Recent reviews and studies highlight the expanding role of AI in diagnosing and understanding OSA, which are detailed in Table 3..^26,46–54 Research emphasizes the need for bridging gaps between clinical practices and new knowledge in sleep-disordered breathing, while also offering a standardized framework for OSA management that reflects an international consensus.^22,23 Advances in AI are promising, detailing how convolutional neural networks can be optimized for detecting OSA and reviewing broader AI applications in sleep apnea diagnosis, discussing both potentials and challenges.^24,25,45 Further advancements introduce a multi-scale object detection approach for precise localization of apnea events in polysomnography, showcasing the enhancement of diagnostic accuracy, and exploring deep learning techniques that adapt across different patient datasets and utilize respiratory signals, marking significant improvements in predictive accuracy and clinical utility.^47,48,50 These developments indicate a trend towards more sophisticated, data-driven approaches in the diagnosis and management of sleep apnea, potentially leading to more personalized and efficient patient care.

Table 3.

Comparative overview of most-recent AI-based methods for PSG scoring and diagnosis of sleep apnea.

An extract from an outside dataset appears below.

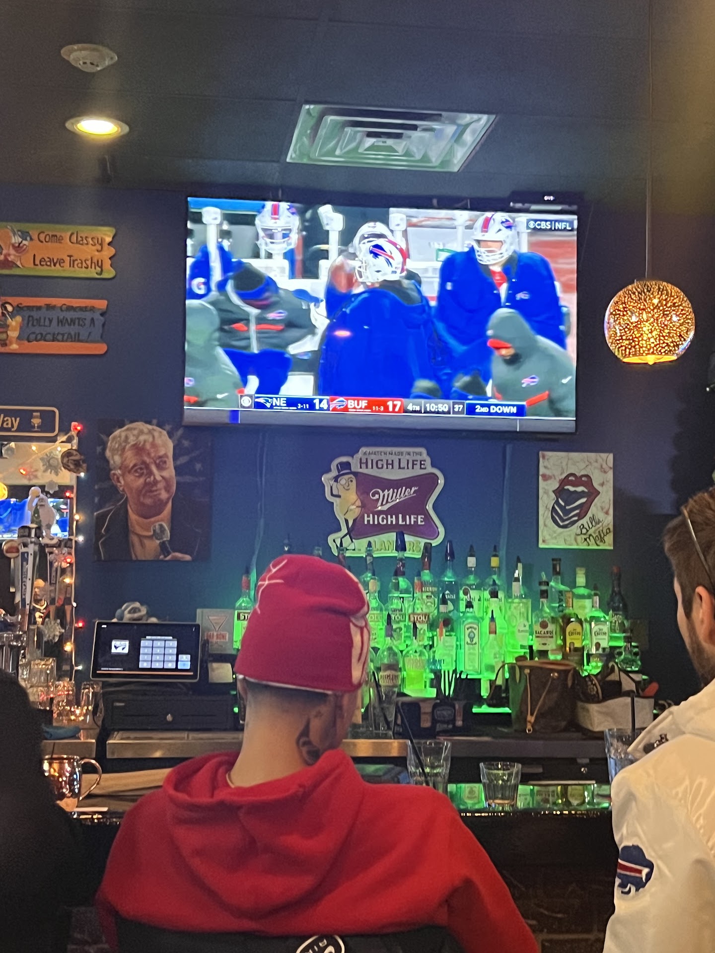 We went to this bar to watch the Bills game yesterday and I will say that I will NOT recommend this bar to anyone who is black or a person of color. First of all when we (me and boyfriend) had arrived were already getting a lot of stares and the issues began there, there was more than 5 servers but we didn’t get someone to come serve us for 20 minutes. Second of all the server was very demeaning and she was talking to us as if we were children, she wasn’t that busy but still took a long time to give a simple service. This server was blonde but also had some black hair and was on the older side. Thirdly on the food, i thought bar food was supposed to be good but no the Cajun wings were a 2/10 with there being no seasonings at all the Cajun tasted like nothing (maybe it was the non salted ones??) the wing barely had any flavor, their blue cheese isn’t good and the ranch was really weak. My last point was that the server checked on us once the whole time right after we got our food and we were ready to leave for a long time and I even asked another young server (black hair) if we could pay and she said we could only pay with our server and the fact that she didn’t try to help or call her over showed how much they care for their "customers" and then after our server came she asked if we were ready to pay which we said yes to and she printed the receipt and once again dismissed us to go take care of another table and made it so we had to wait even further. This place was not welcoming at all and if this review is deleted I will make another one. It’s just crazy that there’s still so much discrimination, prejudice at an establishment… have you never seen black people come to Tonawanda? This is my true experience at this...

Author name(s)	Published year	Data Used	Methodology	Key Findings	Advantages & Merits
Ji et al.⁵⁰	2024	Respiratory effort signals	Multi-scale object detection via Dual-modal Feature Learning	Accurate localization of sleep apnea and hypopnea events with 91.9%	Enhanced precision with accurately capturing capability of each event
Du et al.⁴⁸	2023	Respiratory effort signals	Deep domain adaptation module with a LSTM-CNN	Accuracy, sensitivity and specificity to detect OSA as 86.46%, 86.11% and 93.17%, respectively.	Improved model adaptability and generalization across datasets
Barroso-García et al.⁴⁷	2023	Respiratory effort signals	2D-Convolutional Neural Networks	High accuracy to predict OSA of 94.98%, especially higher accuracy to detect CSA of 99.74%	Demonstrates clinical utility in severity prediction using respiratory biosignals, especially in CSA
Jiao et al.²⁶	2024	Single-lead ECG signal	Deep Attention Networks with Multi-Temporal Information Fusion	High accuracy in sleep apnea detection of 91.06% accuracy and 93.06% precision	Utilizes complex temporal patterns for improved detection
Zarei et al.⁵⁴	2022	Single-lead ECG signal	CNN, LSTM, and LSTM-CNN	Accuracy of 97.21% in per segment classification	Improved AI-based ECG-based OSA detection
Erdenebayar et al.⁴⁹	2019	Single-lead ECG signal	6 deep learning models: DNN, 1D CNN, 2D CNN, RNN, long short-term memory, and gated-recurrent unit models	The 1D CNN and GRU models had accuracy and recall of both 99.0%	Improved accuracy detecting sleep apnea events than previous studies
Wang et al.⁵³	2019	Single-lead ECG signal	Time window ANN	Outperformed traditional models in sleep apnea detection	Focuses on optimizing time-sensitive features
Alvarez-Estevez et al.⁴⁶	2016	Heart rate and timing features	Heart Timing (HT) as the source signal	Screening sleep apnea patients with AUC value of 0.88	Novel study using HT to screen sleep apnea events
Sharma and Sharma⁵²	2016	Single-lead ECG signal	Convolutional networks (Alex-Net, VGG16, VGG19, ZF-Net), Recurrent networks (LSTM, bidirectional LSTM, Gated recurrent unit), and Hybrid convolutional-recurrent networks	Best detection performance achieved with hybrid deep models; accuracy, sensitivity, and specificity of 88.13%, 84.26%, and 92.27%, respectively.	Multiple algorithm comparison for robust validation to detect OSA
Mashrur et al.⁵¹	2021	Single-lead ECG signal	signal transformation workflow based on EMD and CWT / Scalogram based CNN	Per-segment classification for apnea detection: accuracy, sensitivity, and specificity of 94.30%, 94.30, and 94.51%, respectively	High accuracy with CNN focusing on time-scale transformations

Abbreviations; AUC, Area Under the Curve; CNN, Convolutional Neural Network; CSA, Central Sleep Apnea; CWT, Continuous Wavelet Transform; DNN, Deep Neural Network; ECG, Electrocardiogram; EMD, Empirical Mode Decomposition; GRU, Gated Recurrent Unit; HT, Heart Timing; LSTM, Long Short-Term Memory; LSTM-CNN, Long Short-Term Memory-Convolutional Neural Network; OSA, Obstructive Sleep Apnea; PSG, Polysomnography; RNN: Recurrent Neural Network; SVM: Support Vector Machine.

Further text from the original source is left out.